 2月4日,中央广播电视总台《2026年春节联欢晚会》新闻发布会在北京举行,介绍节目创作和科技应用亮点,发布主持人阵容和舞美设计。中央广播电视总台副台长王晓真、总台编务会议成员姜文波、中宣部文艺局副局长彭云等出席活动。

———

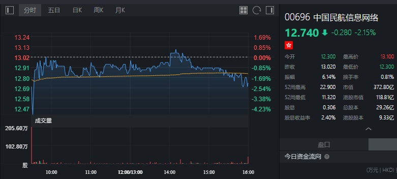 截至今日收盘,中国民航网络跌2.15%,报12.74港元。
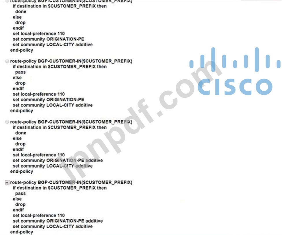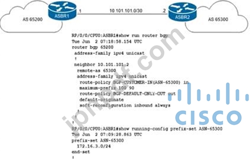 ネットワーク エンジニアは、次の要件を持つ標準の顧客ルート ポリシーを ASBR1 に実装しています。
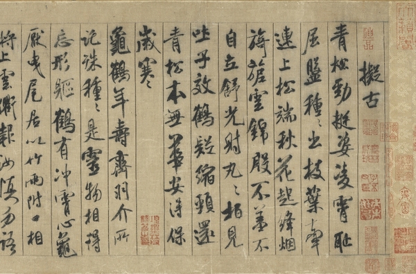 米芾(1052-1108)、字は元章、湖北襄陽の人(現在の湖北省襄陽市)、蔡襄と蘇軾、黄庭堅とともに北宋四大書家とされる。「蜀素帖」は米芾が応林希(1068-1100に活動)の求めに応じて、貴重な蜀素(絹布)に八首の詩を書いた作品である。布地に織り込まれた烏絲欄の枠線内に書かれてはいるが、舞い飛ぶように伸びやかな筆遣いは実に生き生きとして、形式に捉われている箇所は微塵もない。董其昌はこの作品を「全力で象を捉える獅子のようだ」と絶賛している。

———

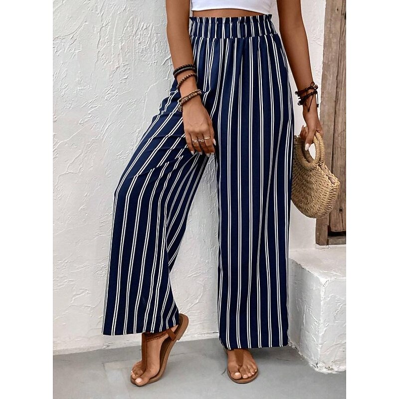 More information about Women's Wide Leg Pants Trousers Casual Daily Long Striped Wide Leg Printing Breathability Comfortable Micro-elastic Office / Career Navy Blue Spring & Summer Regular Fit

———

## [Your goal]
Above are the records. Copy only the lines from the one with "ネットワーク エンジニアは、次の要件を持つ標準の顧客ルート ポリシーを" through the one with "米芾(1052-1108)、", exactly, with no pictures.

## [Answer section]
 ネットワーク エンジニアは、次の要件を持つ標準の顧客ルート ポリシーを ASBR1 に実装しています。
 米芾(1052-1108)、字は元章、湖北襄陽の人(現在の湖北省襄陽市)、蔡襄と蘇軾、黄庭堅とともに北宋四大書家とされる。「蜀素帖」は米芾が応林希(1068-1100に活動)の求めに応じて、貴重な蜀素(絹布)に八首の詩を書いた作品である。布地に織り込まれた烏絲欄の枠線内に書かれてはいるが、舞い飛ぶように伸びやかな筆遣いは実に生き生きとして、形式に捉われている箇所は微塵もない。董其昌はこの作品を「全力で象を捉える獅子のようだ」と絶賛している。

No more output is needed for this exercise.